Whenever switching the AVSpeechSynthesizer voice to a (different) German voice the app waits/hangs for a few seconds (depending on device) before speech output starts.
Looking into the console output I see that the German language rules data is five to nine times large than e.g. English or Italian:
10:55:16.137820+0200 ... #MobileAsset listing ...'[Available: true, Language: de-DE]'
...
10:55:07.636488+0200 ... Loading on disk rule data: 4392529
10:55:10.818661+0200 ... processing rules: 459, NS: 28669
10:55:10.840711+0200 ... Creating playback session rate: 22050, channels 1
showing the loading on disk rules took about 3.2 secs in this German voice case.
If I look into loading of an English or Italian voice those load times are much shorter:
10:55:16.137820+0200 ... #MobileAsset listing ...'[Available: true, Language: en-US]'
...
10:55:16.148741+0200 ... Loading on disk rule data: 862210
10:55:16.407063+0200 ... processing rules: 12192, NS: 1611
10:55:16.428606+0200 ... Creating playback session rate: 22050, channels 1
10:55:16.137820+0200 ... #MobileAsset listing ...'[Available: true, Language: it-IT]'
...
10:54:50.816431+0200 ... Loading on disk rule data: 536565
10:54:51.493129+0200 ... processing rules: 2567, NS: 4149
10:54:51.514703+0200 ... Creating playback session rate: 22050, channels 1
showing load times of 0.25 and 0.7 secs, only!

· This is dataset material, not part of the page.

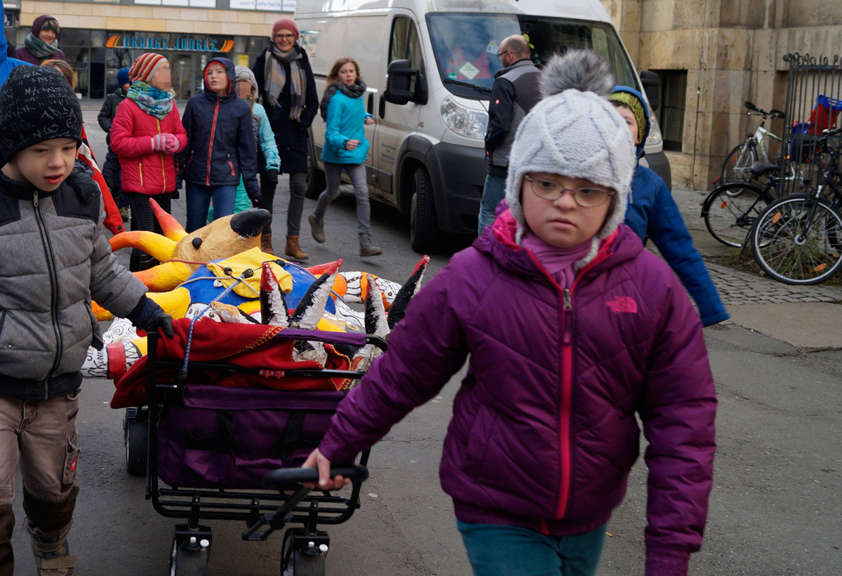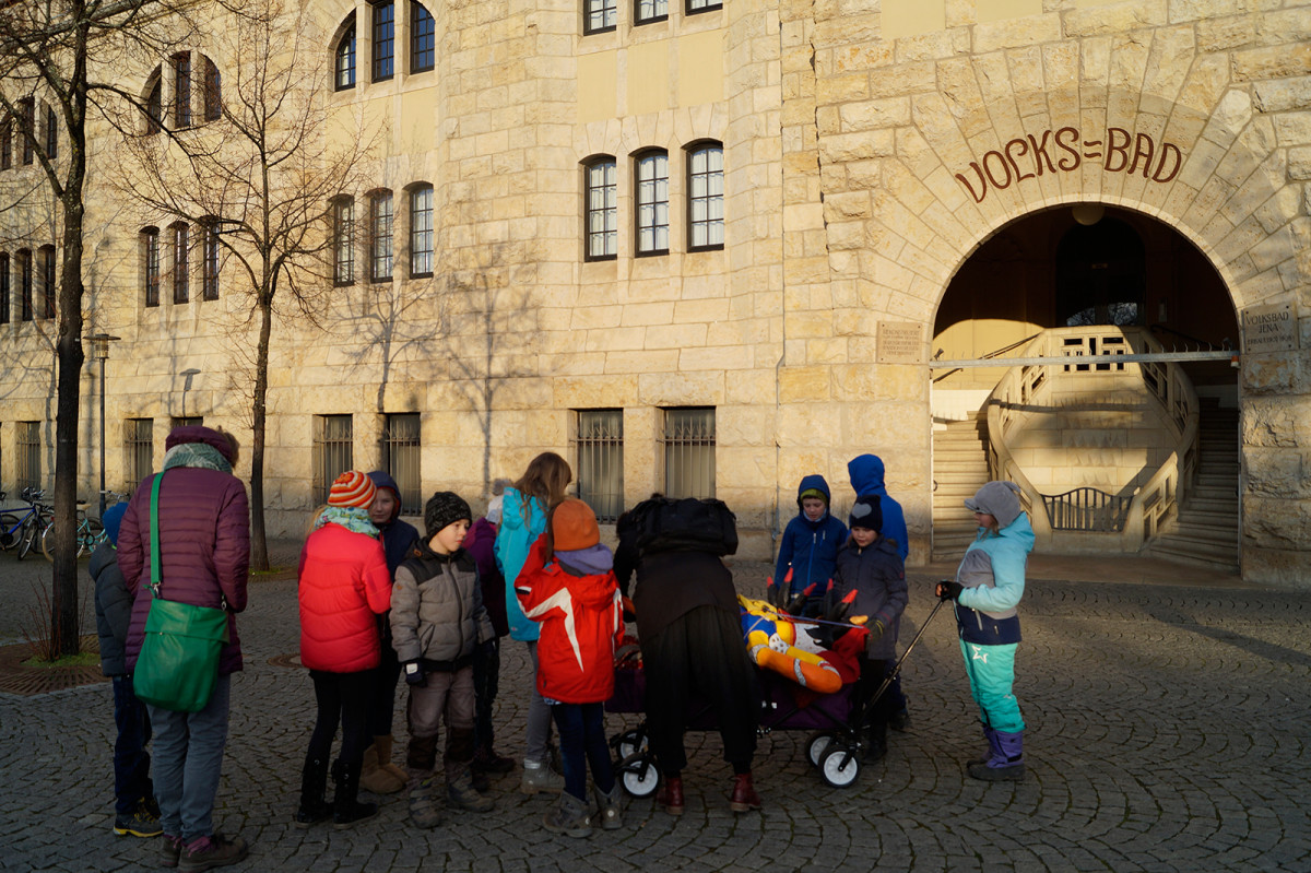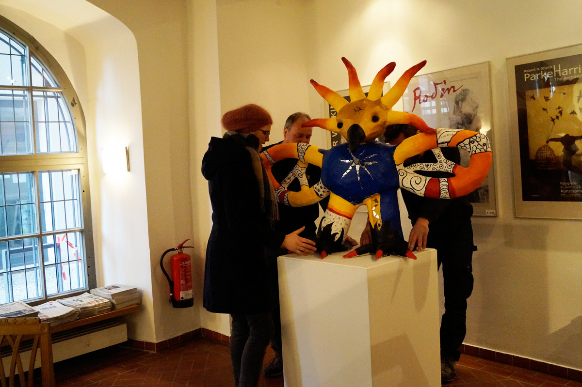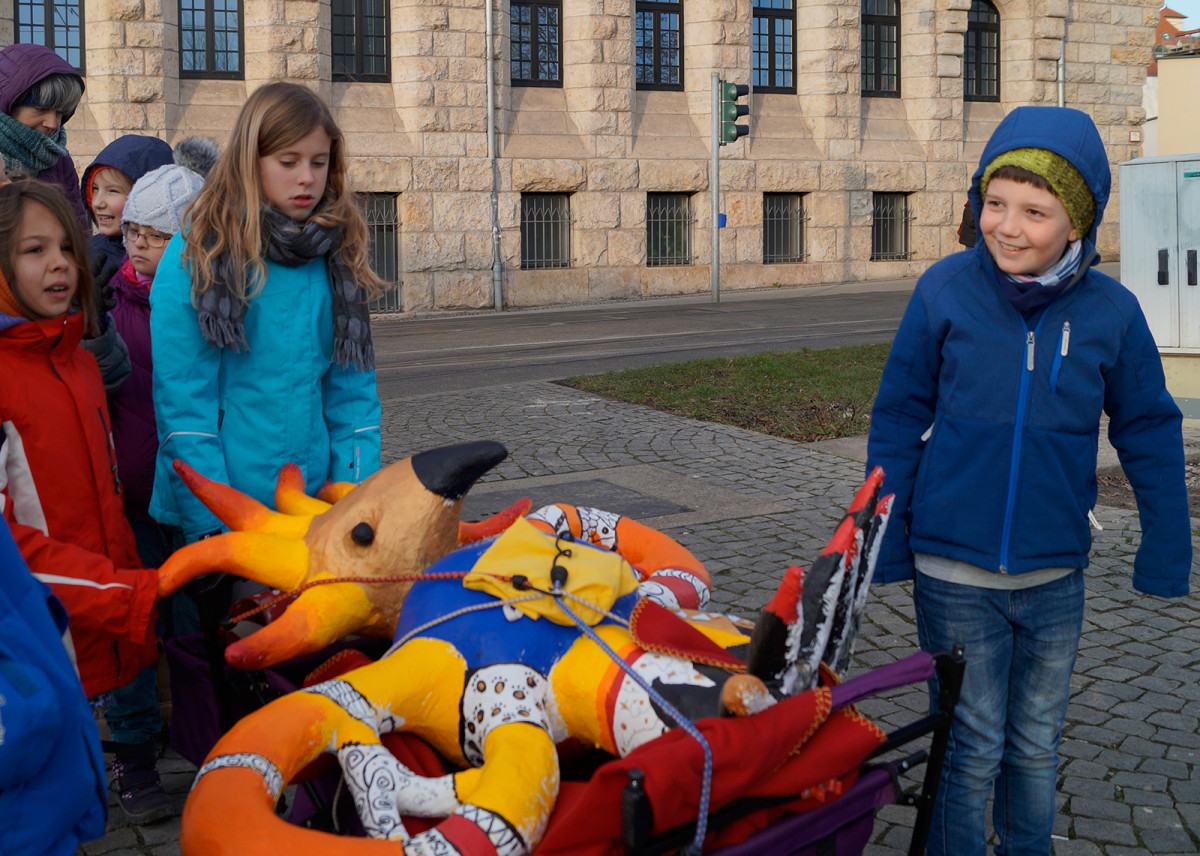 Am Montag dem 15. Januar zog der Phönix, entstanden im Kreativprojekt ”Nikis Welt” mit den Tigeraugen und Achaten der Freien Ganztagsgrundschule SteinMalEins, um in die Kunstsammlung des Stadtmuseums. Bei strahlendem Sonnenschein wurde er auf den Bollerwagen geschnallt und von den Schüler_innen stolz durchs Paradies bis ins Stadtmuseum gezogen. Dort fand er einen würdigen Platz am Eingang zur Wechselausstellung “Niki de Saint Phalle und das Theater”, die noch bis April in Jena ist. Nachdem der Phönix seinen Platz gefunden hatte, schaute Herr Land von der Kunstsammlung unterstützt vom kleinen Farbmonster mit den Schüler_innen „hinter die Kulissen“ und sie entdeckten und erforschten die knallig-bunte Theaterwelt der französischen Künstlerin. Die Schüler_innen waren eifrig dabei und löcherten ihn mit vielen offenen Fragen zu einer starken Frau in der Zeit der 1960er-Jahren. Wir freuen uns über die sehr bereichernde Kooperation mit dem Stadtmuseum und der Kunstsammlung Jena. Diese emöglicht den Schüler_innen einen altersgerechten Zugang zu anspruchsvollen Themen. Jedem der die Ausstellung besucht, wird nun der Phönix der SteinMalEins entgegenlächeln. Ein wunderbares Projekt geht mit dieser Übergabe zu Ende. Wir danken von Herzen Julia Kehmann, Museumspädagogin die uns in partnerschaftlicher Zusammenarbeit unterstützte.

Interestingly, if I do a small test app which has exactly the same setup and usage of AVSpeechSynthesizer as in my main app, I can NOT reproduce those lengthy load times, respectively lags/waits until speech output starts following a voice change to a (different) German voice.
This is my code for calling AVSpeechSynthesizer.speak(_):
func speak(_ textToSpeak: String) {
appState.isPrePause = true
// Detect language of incoming text to speak.
var lang = ""
if let dominantLanguage = NLLanguageRecognizer.dominantLanguage(for: textToSpeak) {
lang = dominantLanguage.rawValue
} else {
lang = "en"
}
// Select a voice based on the detected lanuage.
let voice = AVSpeechSynthesisVoice(language: lang)
if voice == nil {
print("WARNING: no voice for the current language \(lang). Falling back to default voice.")
}
let utterance = AVSpeechUtterance(string: textToSpeak)
utterance.voice = voice
utterance.preUtteranceDelay = appState.preUtteranceDelay
utterance.postUtteranceDelay = appState.postUtteranceDelay
avSpeechSynth.speak(utterance)
}
The described lag is happening between calling avSpeechSynth.speak(utterance) and the Synthesizer Delegate callback "didStart".
I have files a feedback report to Apple (FB11380447) about three weeks ago with regular updates afterwards.
Has anybody experienced something like this? Any suggestions on where to dig further?